Siempre sale algún imprevisto, y el tiempo no espera. Me he puesto a doblar la ropa lavada que había en el cesto y he visto el pantalón de faena de mi marido: tiene un roto en el camal; algún enganchón que se ha dado. No tengo más remedio que remendarlo esta noche porque seguro que vuelve de atender a la oveja hecho un cristo y lo necesitará para cambiarse. Y de paso zurciré los calcetines de mi pequeño; no sé cómo lo hace pero los rompe por la punta. Esto me llevará poco tiempo pero el pantalón… Aunque estoy que me caigo de sueño. Y pensar que hay gente que tiene criada para hacerle las cosas de la casa. Si al menos el tiempo de trabajo fuera más corto. Dice mi marido, que sí sabe leer, que antes de la Guerra su padre tenía unos libros en los que estaba escrito que los obreros pedían ocho horas de trabajo, ocho de tiempo libre y ocho para dormir. ¡Ojalá pudiéramos tener ese tiempo así! Podríamos ir alguna tarde los tres al pueblo, o  pasear por el campo, acostarnos temprano, estar más descansados. Yo podría coser con la luz de la tarde y no tener que dejarme los ojos enhebrando la aguja a la luz del candil. Si dispusiéramos de ese tiempo para nosotros… ¡Maldita aguja! El hilo se me ha salido otra vez y no atino a meterlo por el ojo; es que con esta luz hay que ver lo que cuesta. Si tuviéramos ese tiempo para nosotros mi marido iría enseñando todo lo que sabe a mi hijo: a escribir, las cuatro operaciones, los ríos, los montes. Porque mi hombre sí que fue algo a la escuela. Yo, en cambio, como soy mujer… Nos gustaría que cuando mi pequeño crezca y se haga mayor vaya a estudiar. Ya lo hemos hablado su padre y yo, que vamos a trabajar todo lo que haga falta para que, si el chiquillo aprovecha, estudie una carrera, aunque sea corta, a ver sí así sale él de toda esta miseria. Pero, eso sí, yo le voy a decir todos los días que no se olvide nunca de dónde viene, de cuál es su gente, que no le pase como a esos muertos de hambre que porque han tenido un poco de suerte y han hecho algo de dinero, o tienen un don por haber estudiado, se creen superiores a nosotros, los que no hemos tenido oportunidades.
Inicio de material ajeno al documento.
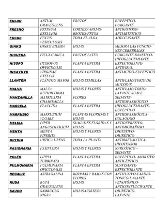 Este documento lista plantas medicinales comúnmente utilizadas en Latinoamérica, sus nombres científicos, las partes de la planta que se utilizan y sus principales propiedades medicinales. Algunas de las plantas mencionadas incluyen manzanilla, boldo, menta, eucalipto, valeriana y zarzaparrilla, las cuales se usan comúnmente para tratar problemas como dolores, inflamación, estrés y desórdenes digestivos.

La cama, al fin la cama. Qué largos se hacen los días, y que iguales todos, siempre la misma rutina. Apenas me quedan fuerzas para rezarle mi oración de todas las noches a la Virgen del Carmen: danos salud y guárdanos a toda la familia; muy especialmente a mi marido y a mi hijo que son lo que más quiero.
La cama, al fin la cama. Cómo necesito descansar, dormir, olvidarme. Olvidarme del cansancio, del dolor, del manijero, del hambre, de la ropa de pobres… de que nosotros perdimos y ellos ganaron. Del gallo.
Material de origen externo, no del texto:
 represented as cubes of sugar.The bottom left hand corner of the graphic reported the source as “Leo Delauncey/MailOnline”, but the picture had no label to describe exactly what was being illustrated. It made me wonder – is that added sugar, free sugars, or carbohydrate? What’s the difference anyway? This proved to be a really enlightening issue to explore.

Porque ahora mismo volverá el gallo.
Y me arrancará del sueño, del descanso, del olvido.
El gallo.
¡Maldito gallo!
Menos mal que de nuevo veré a mi hijo aunque sea dormido.
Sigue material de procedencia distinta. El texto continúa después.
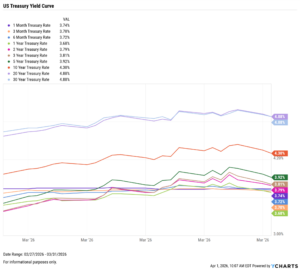 Treasury yields rose sharply in March, with the 1-month the lone exception, remaining unchanged at 3.74%. The 3-year saw the biggest advancement, up 42 bps to 3.81%. The 2-, 5-, 10-, and 20-year all ticked up by more than 30 bps.

Tú no tienes la culpa, gallo.
Canta cuando llegue tu hora.
Gallo.




[1] Bolso de tela que se ata a la cintura, a modo de delantal, y se usa para ir recolectando los guisantes.
[2] Guisantes.
[3] Pequeño descanso que se realizaba en el tajo a mitad de mañana y tarde.
[4] Hierba anual de la familia de las gramíneas.
[5] Chumberas.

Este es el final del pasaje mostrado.